To assess potential future changes in temperature over Armenia, monthly outputs from the Community Climate System Model 4 (CCSM4, National Center for Atmospheric Research) on a 1.25° × 0.9° grid are used in this study. The CCSM4 is considered as high-resolution model from CMIP5 GCMs including new physical parameterizations (cumulus convection scheme, a high-accuracy radiation scheme), new land models and aerosol effects on clouds (Gent et al. 2011; Chen et al. 2013). The CCSM4 was used in several recent studies (Wang and Chen 2013; Meleshko and Govorkova 2013; Sporyshev and Govorkova 2013; Pavlova and Kattsov 2013). Meleshko and Govorkova (2013) and Sporyshev and Govorkova (2013) employed 34 models out of CMIP5 to investigate model-performance error over the Northern Hemisphere and Russia quantified by the root-mean-square error (RMSE) and correlation coefficient, and CCSM4 was among the ten successful models in terms of temperature and precipitation representation over the mentioned areas. Changes in mean monthly 2-m maximum temperature from the CCSM4 model for July–August months have been analysed over the Armenian Highland and neighbouring regions by Gevorgyan and Melkonyan (2014) recently to assess the possible influence of regional temperature contrasts on heat-induced circulations under future climate conditions.

To test the performance of CCSM4 model, we compared annual average temperature over Armenia obtained from CCSM4 and from observed data. Though the historical run covers the period from the mid-nineteenth century to 2005, we consider the reference period 1961–1990 recommended by the World Meteorological Organization. The observed temperature data come from 36 operational stations in Armenia (Fig. 2). The selected 36 meteorological stations provide high-quality data and good temporal data coverage for the period 1961–2014. The homogeneity of monthly temperature data from the selected 36 meteorological stations was tested by Gevorgyan (2014). The used stations provide good spatial coverage including both low elevated valley stations and mountain stations. In this study, a simple statistical downscaling method is applied to estimate the CCSM4 model results in Armenia. The time series of mean seasonal and annual temperatures derived from CCSM4 five grid points covering Armenia (indicated with bold crests in Fig. 2), and its close neighbourhood is considered for validation (historical data) and the temperature change projection (temperature predictions) purposes.
Fig. 2

The distribution of 36 meteorological stations in Armenia (indicated with green dots). CCSM4 grid points over Armenia are indicated with bold crests

We compared the mean values of temperature and its confidence intervals from observed and CCSM4 data for period 1961–1990 to assess the performance of the CCSM4 in reproducing present-day climate in Armenia. The confidence intervals around the observed (modelled) mean temperatures were computed from the following equation:
$$ P={T}_{\beta }S\sqrt{1+\frac{1}{n}} $$
where P is the absolute value of the confidence interval (range), S is the standard deviation of temperature, T β is the two-sided Student’s T statistic at ß = 95 % level of confidence, and n is the number of years analysed.

We also used the RMSE in its classical sense to validate the CCSM4 model ability in reproducing the historical climate. This statistical measure has been used by different authors (Meleshko and Govorkova 2013; Elguindi et al. 2013) to evaluate simulated temperature against observations both at the global and regional scales.

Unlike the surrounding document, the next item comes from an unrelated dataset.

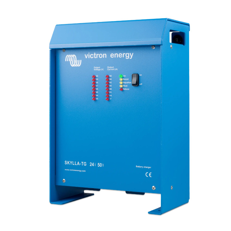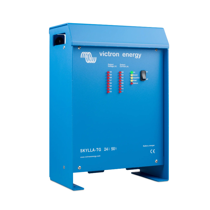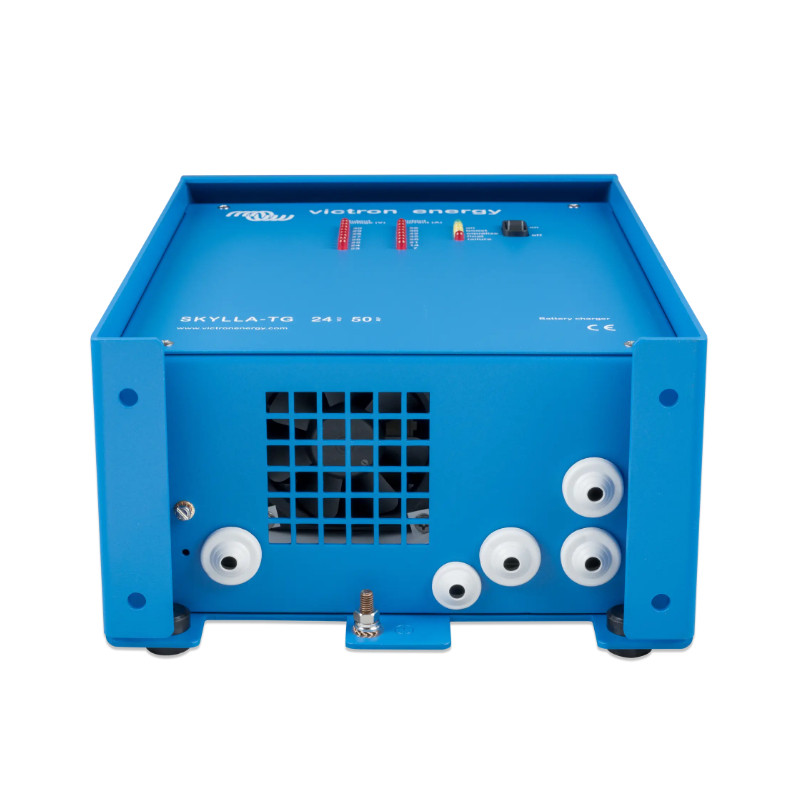 Victron Skylla-TG 24/50 (1+1) to profesjonalna, mocna ładowarka akumulatorów 24 V o prądzie ładowania 50 A. Została zaprojektowana do ładowania baterii o pojemności 250–500 Ah. Dzięki zaawansowanemu mikroprocesorowi i trójstopniowej charakterystyce ładowania (IUoUo) zapewnia optymalne i bezpieczne ładowanie, wydłużając żywotność akumulatorów.
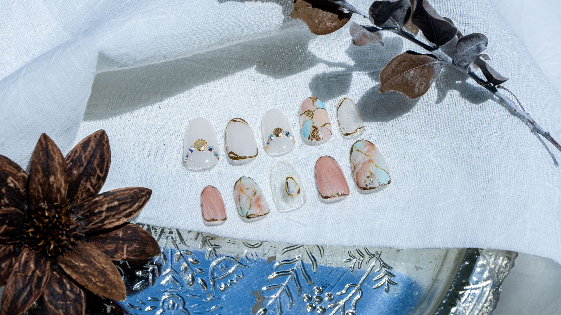異なるネイルチップを組み合わせて10本セットにしたら、「個性的なニュアンスネイルチップ」になりました。新品と変わらない、これからの時代にぴったりのデザインです。

The two twenty-first century scenarios for future greenhouse gas emissions used in this study are RCP4.5 and RCP8.5 as defined in Moss et al. (2010). where RCP8.5 is a high-emission path and RCP4.5 assumes lower emissions. Only one ensemble member is chosen for this study identified as r1i1p1 for CCSM4 though multiple ensemble members are accessible. For temperature projection reasons, we consider the reference period 1961–1990 for present climate, while three additional time intervals of 30 years, 2011–2040 (the beginning of the century), 2041–2070 (the mid-century) and 2071–2100 (the end of the century) for future climate. Future changes in temperature in Armenia were estimated for the four climatological seasons, namely winter (DJF), spring (MAM), summer (JJA) and autumn (SON), as well as annual changes were analysed.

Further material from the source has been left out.